Encontrei não sei onde uma versão apócrifa do Salmo 22, que traduzi e completei do seguinte modo:

“O televisor é o meu pastor, nada me falta;

em sofás confortáveis me faz descansar

 e ronronar como se fosse um gato.

Conduz-me a verdes campos de futebol

e, com telenovelas de intrigas e traições,

devasta o meu espírito.

Ainda que haja muito que fazer,

não permitirei interrupção,

porque a televisão está comigo

e o comando, sempre na mão,

enche-me de  poder e confiança.

Unge a minha cabeça de pornografia,

violência e consumismo:

os meus instintos transbordam.

A moleza e a ignorância me acompanham

todos os dias da minha vida.

Sem ligar à família e aos amigos,

passarei horas a fio,

alienado e embrutecido”.

Depois vim a saber que Bill Hepler, polícia em Long Beach, nos Estados Unidos, deu com outra versão  do mesmo  salmo, feita por uma mulher de vinte anos e aplicada à heroína: “A heroína é a minha pastora… A pastos poluídos me conduz e destrói a minha vida. Vaguearei por um vale tenebroso e temerei todos os males… Tira o pão da mesa da minha família, apaga-me a razão, e a taça da minha tristeza está repleta a deitar fora… Habitarei na casa dos horrores por dias intermináveis”.

A verdade é que o número de teledependentes – como o de toxicodependentes – vai em contínuo aumento. Estamos perante uma  verdadeira tele-invasão.

E nem sempre os mais viciados são os jovens da “cultura sublunar”, mais amigos da electricidade que do sol.

Do abuso da caixinha mágica derivam males graves. O primeiro é que as pessoas compostas de “televisão, tronco e membros” deixam de pensar, de gastar fósforo. O televisor chupa os seus miolos, os olhos tomam de assalto a sua inteligência, o homo sapiens fica sufocado pelo homo videns.

Sabemos que uma imagem vale mais do que mil palavras. Efectivamente, a imagem possui a capacidade de se dilatar, de se imprimir com um realismo tão forte que sugere e produz maneiras de ser e de agir, nem sempre as mais correctas.

Quem se deixa colonizar pelo culto excessivo da imagem ou dominar pelo comando, que é “a chucha do adulto”, torna-se passivo, embotado, acrítico perante o telelixo, a brutalidade, a intriga, as posturas amorais, concursos sem nenhum miolo cultural, debates nada esclarecedores. Muitas imagens e pouca consistência, excesso de informação e escassa capacidade de fazer a síntese, dispersam, deixam o teledependente sem um centro de gravidade pessoal que alimente e norteie a sua vida.

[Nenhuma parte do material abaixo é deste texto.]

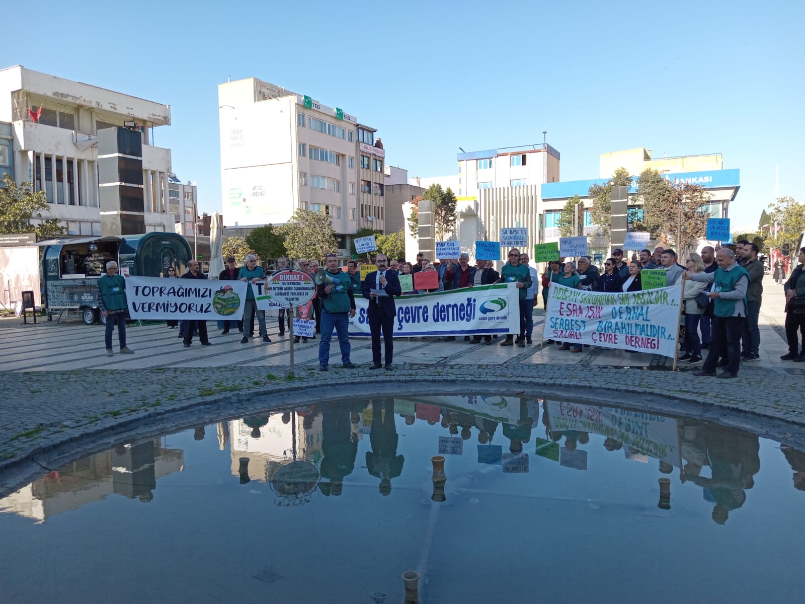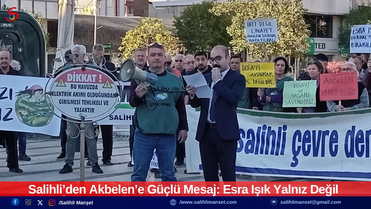 Salihli Çevre Derneği Başkanı Erdem Durmaz, yönetim kurulu üyeleri ve çok sayıda doğa gönüllüsünün katılımıyla Milli Birlik ve Demokrasi Meydanı’nda gerçekleştirilen basın açıklamasında, katılımcılar sık sık “Esra Işık yalnız değildir”, “Esra Işık onurumuzdur”, “Gözaltılar, tutuklamalar, baskılar bizi yıldıramaz”, “Limak elini Akbelen’den çek” ve “Doğaya, ormana, yeryüzüne özgürlük” sloganları attı.

E -aqui reside a segunda chaga- lá se vai o tempo que se devia empregar mais utilmente. A reflectir e a estudar, por exemplo. Quem não reflecte torna-se um descampado varrido por todas as modas, conformismos, ideologias e interesses mais diversos. E quem não reflecte nem estuda não pode compreender as grandes questões que se debatem na nossa época nem encontrar as vias justas para orientar a própria vida e se tornar um cidadão livre e construtivo.

Um teledependente não sabe comunicar, nem conviver. Lembram-se da criança que queria ser um televisor para que os seus pais olhassem para ela?

E este é precisamente o terceiro mal: o poderoso meio de comunicação torna-se um obstáculo à comunicação. A televisão, a Internet, cortam o diálogo entre marido e mulher, entre pais e filhos, impedem a partilha de ideias e vivências. Nenhum relacionamento vivo, íntimo, profundo, caloroso, dignificante, é possível com pessoas que se deixam escravizar por esses meios. De tanto olhar, acabam por não ver nada; de tanto ouvir, acabam por nada escutar.

…Mas só falei de televício, tele-violência, tele-desonestidade… Perdoem-me. Devia ter começado por um hino às descobertas geniais do ser humano e por frisar  que devemos aprender a utilizar de maneira crítica e criativa as maravilhas da comunicação. Isso, porém,  vocês já o sabem.